■ ACTION ITEM
Pictures stay out of the copy. Retype exactly the lines below from the one with "講演のねらいは「心身の成長や" through the one with "This house has".

■ SUPPLIED DATA
• • •
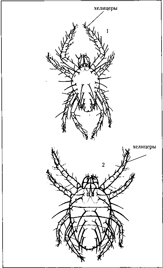 Паутинные клещи:1 — самка (вид сверху); 2 — самец (вид сверху)
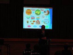 講演のねらいは「心身の成長や健康の保持増進の上で、成長期に必要な望ましい栄養や食事のとり方など、食に関する正しい知識の習得を目指すとともに、自分の食生活に関心を持ち、よりよい食習慣について考えさせる。」です。
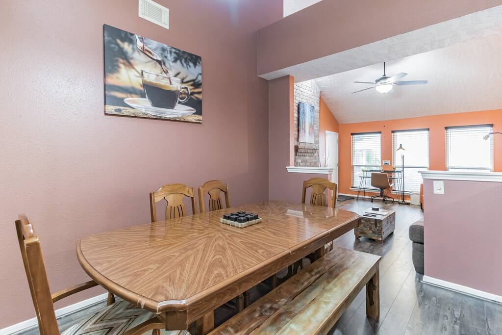 This house has an eclectic decor, space to stretch out, and enjoy the sound system to your favorite music. Step outside onto two side patios and enjoy the breeze as you sit in the lounge chairs. The house has an enclosed gate for kids or pets, smart lock entries, and a garage remote and keypad.
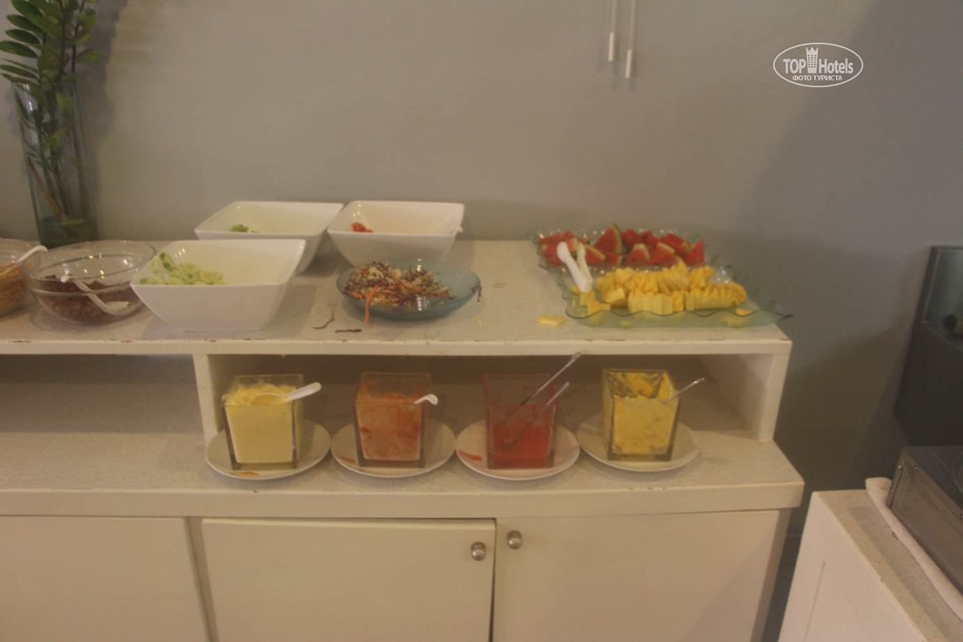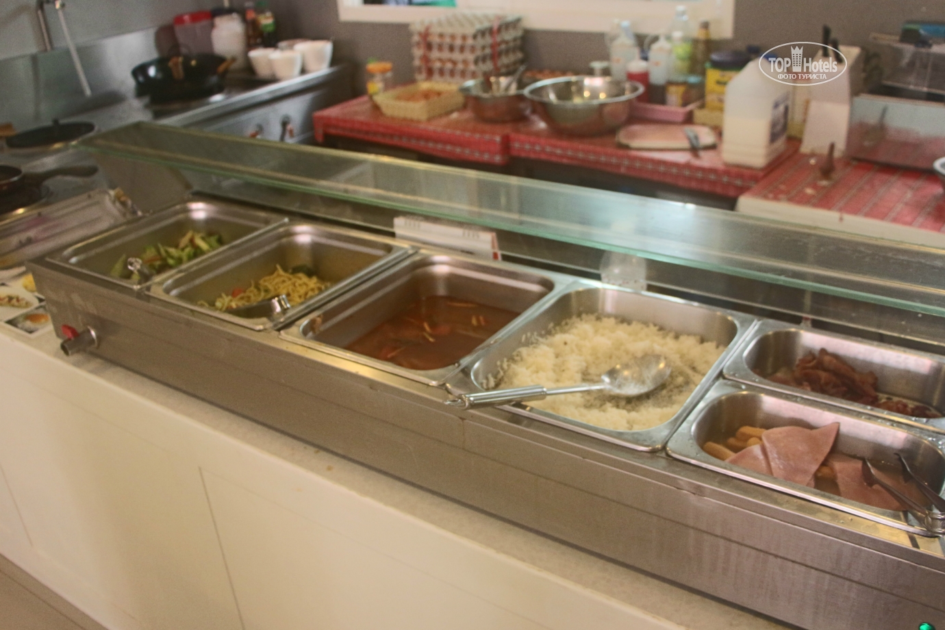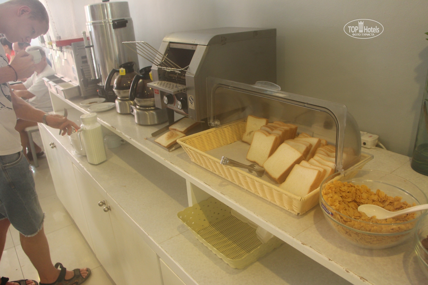 Всем доброго времени суток. Отдыхали в этом отеле вдвоем с товарищем вначале марта. По-моему март лучшее время для отдыха на Пхукете. В общем по-порядку. Летали с оператором Натали-Турс. Трансаэро. Задержек никаких и нигде, все отлично. Гиды все вежливые русскоязычные, в общем было приятно. Заселение: Твердая 5. Быстро, вежливо, с улыбкой на лице! Депозит оставили 100$. Можно и в местной валюте, но куда ее потом девать? Персонал: ребята и девушки все молодые, веселые, вежливые. Номер: номер был 2216 второй этаж, дальнее крыло. Номер для двоих достаточен полностью. Шкаф, тумбочка, 2 пуфика, стол с телевизором, минихолодильник, сейф в шкафу, 2 кровати, межкроватная тумбочка, душ, туалет, раковина (совмещенный и без шторки). Два стакана, две чашки, ложки... Каждый день приносили по бутылке воды 0.6 л на человека. Убирались каждый день очень чисто. Белье и полотенца меняли каждый день. О балконе в этом отеле написано уже много и это правда. Кто любит посидеть на балкончике - не получится, максимум постоять покурить. Питание: завтрак с 7 до 10. Ну еда каждый день одна и та же, но можно варьировать - сегодня одно, завтра другое. Мы где-то к третьему дню вписались в распорядок дня и завтракали почти всегда в отеле. Еда свежая. Фрукты: арбузы, бананы, ананасы. Сосиски, бекон. Рис, лапша. Капуста нарубленная, помидоры, огурцы. Кукурузные хлопья. Джемы, тосты, молоко, кофе, чай и типа соки. И естественно омлет. на картинке показаны 3-х видов, но мы видели только двух, хотя одно и то же в принципе, но омлеты мы брали всегда. Вообще есть особо и не хотелось. К примеру я брал: бекон (ломтиков 5-6), омлет, пару долек огурца, два тоста, фруктов по несколько долек, изредка рис, кофе или чай под настроение. Вот такого завтрака мне хватало на пол дня точно. Бассейн: на крыше (6 этаж), небольшой но достаточный для охладиться, пару раз спасал. Думаю он подойдет, когда идти куда-то лень в жару. Насчет места расположения: нас все устраивало. Даже нам было выгодно данное расположение, т.к. ездили везде в основном на скутерах. Снять скутер можно в любом отеле и не только под залог паспорта. Где-то (чаще на улице) для аренды спрашивают права. Стоимость скутера 250 мл в PJ - 300 бат/сутки (но мопеды все новые). В соседних по 250 бат, но нужно уже повыбирать. Дорога, которая ведет к ДжангЦейлону, действительно на тот момент ремонтировалась и возможно некоторые пешеходы и испытывали некий дискомфорт, но я ничего подобного не ощутил, наоборот даже, она добавляла местного колорита. На местном пляже за весь отдых ни разу не искупались, да это и не нужно было. Рядом, если ехать на юг, Карон (тук-тук 300-400 бат, можно кооперироваться вшестером и с каждого примерно 50 бат), чуть дальше Ката. Ката Ной (маленький пляж) - сказка. Если ехать на север - Лиам Синг (красивый, небольшой, но ступеньки - это надо попробовать), Сюрин, Камала. Так вот подытожу. Отель для тех, кому надо переночевать или передневать))) Мы лично в отель именно за этим и приходили, принять душ после моря, переодеться и поспать - все. Для тех, кто любит отельный сервис и отдых на территории отеля с комфортом, вряд ли Вам сюда. Все чисто, аккуратно, но скромно и без каких-то изысков. Если отдыхать как мы - скутеры, ночные прогулки, иногда и по двое суток - этот отель, думаю, самое то. Но на Пхукете запирать себя в отель - не мое! ИМХО Поэтому те, кто привык у себя дома есть по 10 видов икры, к
• • •
■ ANSWER BOX
 講演のねらいは「心身の成長や健康の保持増進の上で、成長期に必要な望ましい栄養や食事のとり方など、食に関する正しい知識の習得を目指すとともに、自分の食生活に関心を持ち、よりよい食習慣について考えさせる。」です。
 This house has an eclectic decor, space to stretch out, and enjoy the sound system to your favorite music. Step outside onto two side patios and enjoy the breeze as you sit in the lounge chairs. The house has an enclosed gate for kids or pets, smart lock entries, and a garage remote and keypad.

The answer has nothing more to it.